Вечером, когда мылась, она заметила, что пыль покрывала все ее тело — эти въедающиеся обрывки волокон; и все же не пыль и не шум так страшили ее, а те тысячи веретен, которые в бешеном верчении навивали на себя ее дни, ее молодость, ее любовь, ее мечты, ее свободу, лишали нежности ее кожу. Они уже утащили за собой все, осталась одна удивительная пустота, и ее не могли заполнить ни поцелуи, которыми он дарил ее время от времени, ни разговоры в набитом битком автобусе, ни участие в хоре, ни воскресная молитва.
…Тогда они пробыли там довольно долго.
— Чувство долга должно было бы у вас раньше проснуться, — кричал на них секретарь, — пока еще можно было что-то спасти. А вопрос о виновности теперь уже должны решать другие.
Он прошел мимо них, как ефрейтор, проверяющий состояние отряда после боя; потери были значительные.

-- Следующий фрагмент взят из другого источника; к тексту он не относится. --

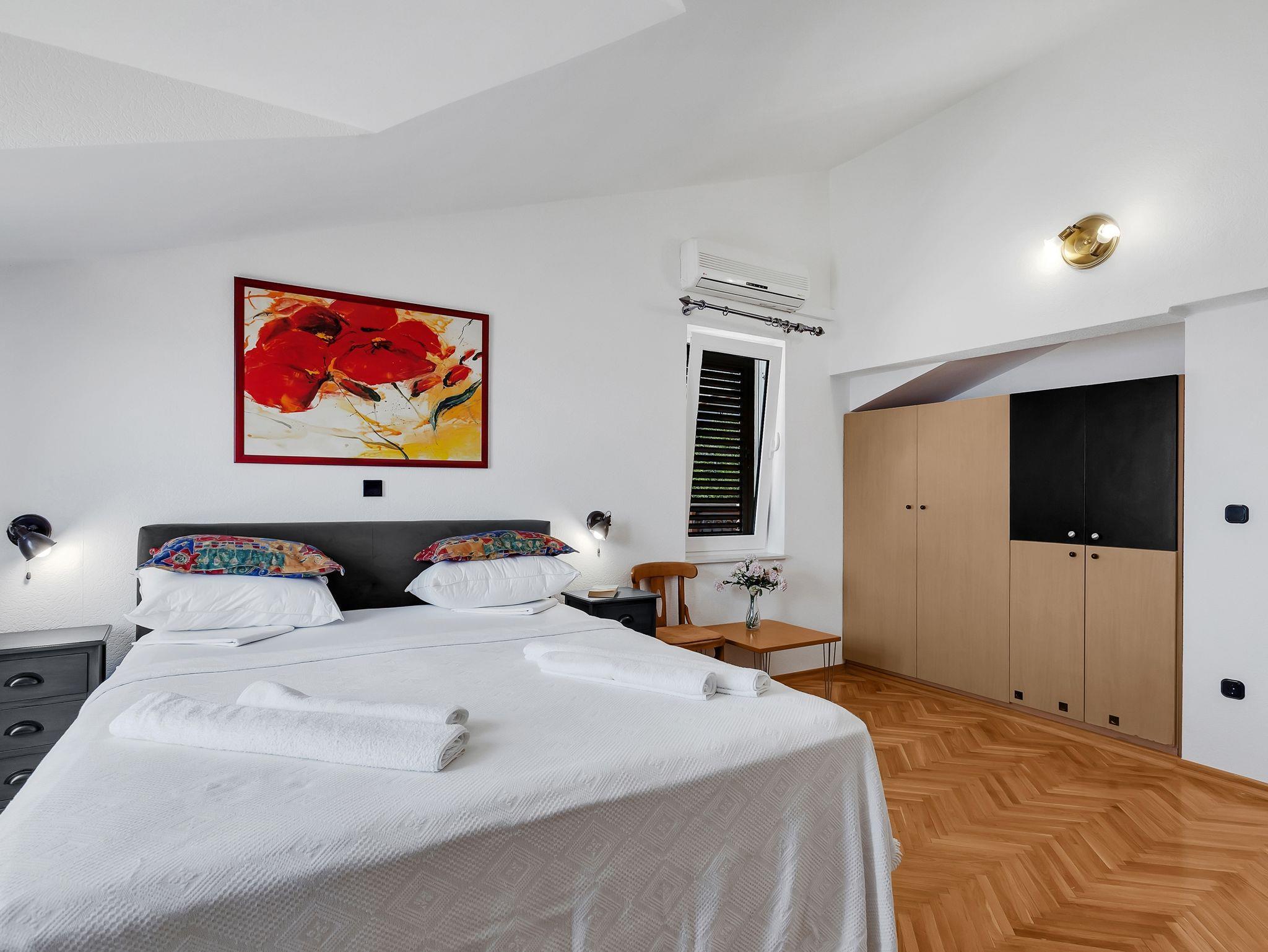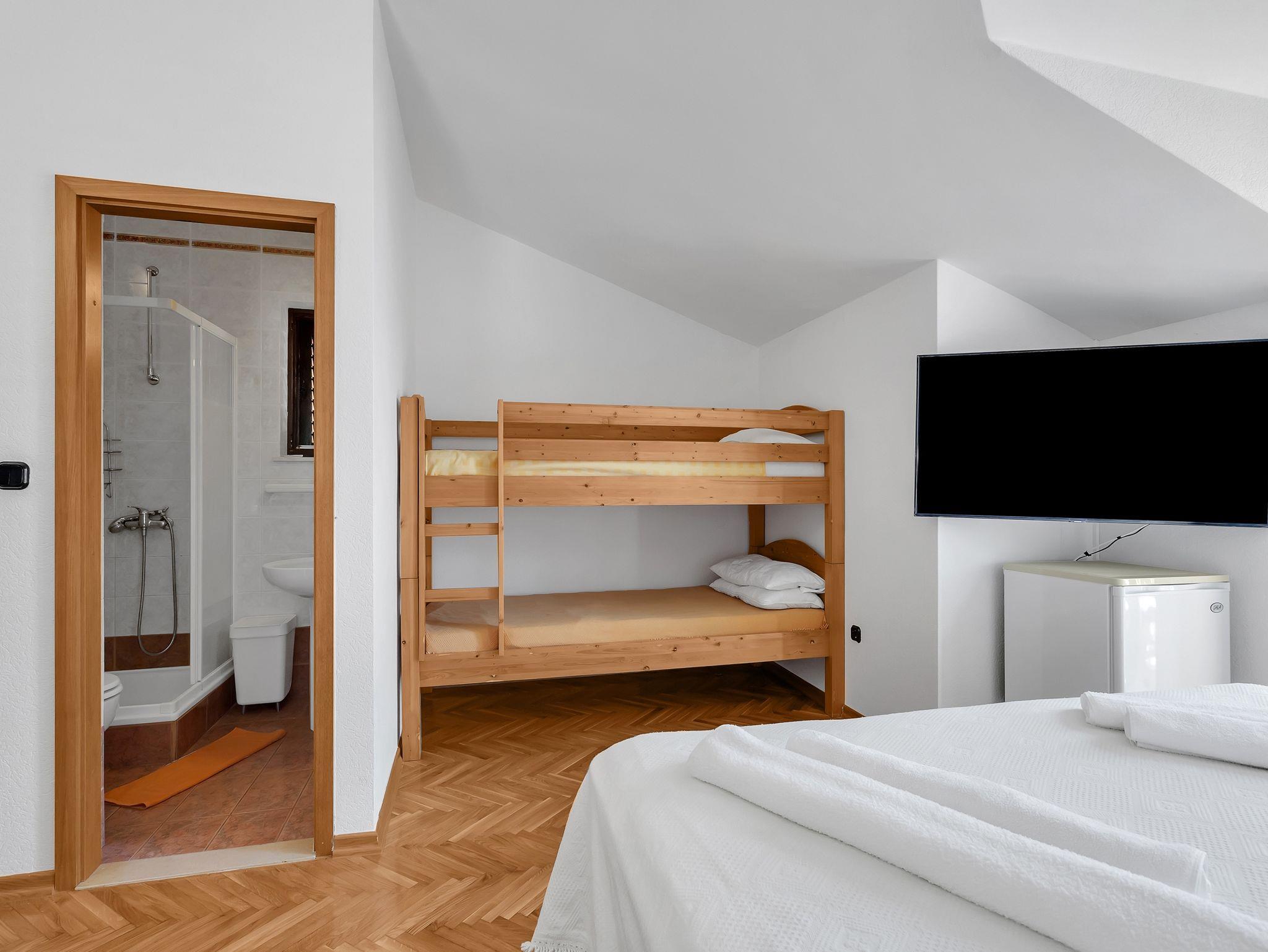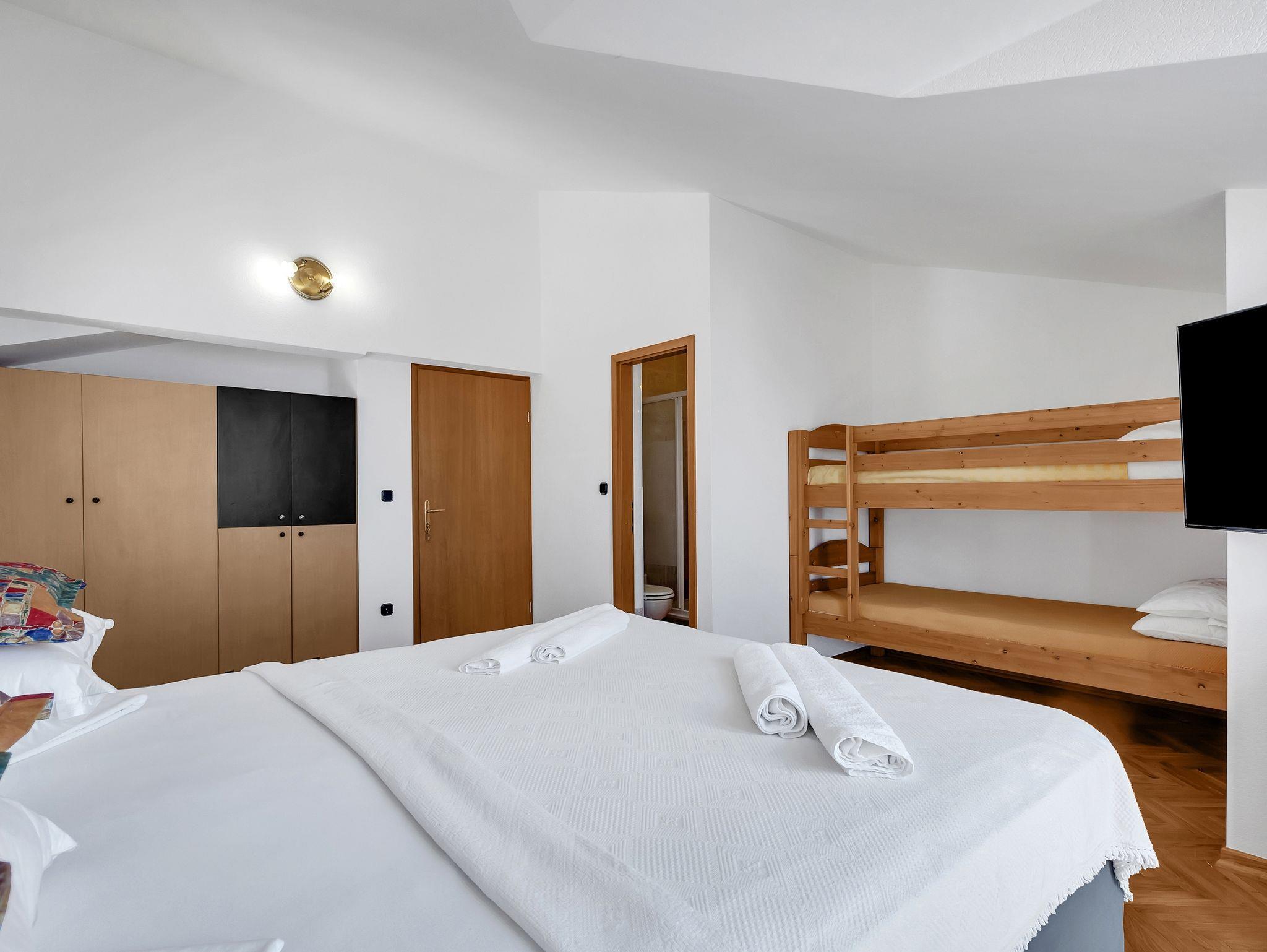 Zimmer bietet Platz für 4 Gäste. Die Betten sind in Schlafzimmern, die es 1 gibt, innerhalb einer Gesamtfläche von 22m2, angeordnet. Die Gäste haben einen eigenen Balkon zur Verfügung, auf der sie in warmen Sommernächten genießen können. Das Zimmer bietet Meerblick. In der Unterkunftseinheit besteht die Möglichkeit des Mitbringens von Haustieren gegen Aufpreis. Die reservierte Unterkunftseinheit ist ein Zimmer mit eigenem Badezimmer ohne die Möglichkeit der Nutzung einer Küche. Die reservierte Unterkunftseinheit verfügt über einen gemeinsame Terrasse. IM PREIS INBEGRIFFEN: Kurtaxe, Endreinigung, Klimatisierung, Parkplatz, Internet, Bügeleisen, Bügelbrett, Föhn. VERBINDLICHE ZUSÄTZLICHE KOSTEN: Aufzahlung für Kurzaufenthalte (prozentualer Zuschlag pro Nächtigungsanzahl: 30% - 1, 20% - 2, 10% - 3). UNVERBINDLICHE ZUSÄTZLICHE KOSTEN: Haustiere (10,00 € pro Nacht). Die Verfügbarkeit zusätzlicher Dienstleistungen in Ihrem reservierten Termin und die Preise derselben (falls nicht aufgeführt) müssen im Voraus überprüft werden. Zusätzliche Dienstleistungen die in der Zahlungsaufforderung nicht aufgeführt sind werden direkt beim Vermieter bezahlt, angenommen der Gast nutzt auch diese. Ermäßigung auf den Grundpreis: Gratistag 14=13 (bei einem Aufenthalt von 14 Tagen oder mehr erhalten Sie einen Gratistag für den Aufenthalt bis 31.12.26).

— Хорошо, — допускал он, — мы, конечно, должны стоять за товарища, но кто освободил нас от нашего долга взять за горло врага? — Подтверждая свои слова жестом, он схватил сам себя за горло, и, видно, так сильно, что даже покраснел. — Разве мы можем попадаться на удочку каждому встречному подлецу? Они только и ждут, чтоб поймать нас на нашей доверчивости, они случая не упустят — мы строим годами, а взлететь на воздух все может в одну секунду, но эту секунду мы и должны предвосхитить.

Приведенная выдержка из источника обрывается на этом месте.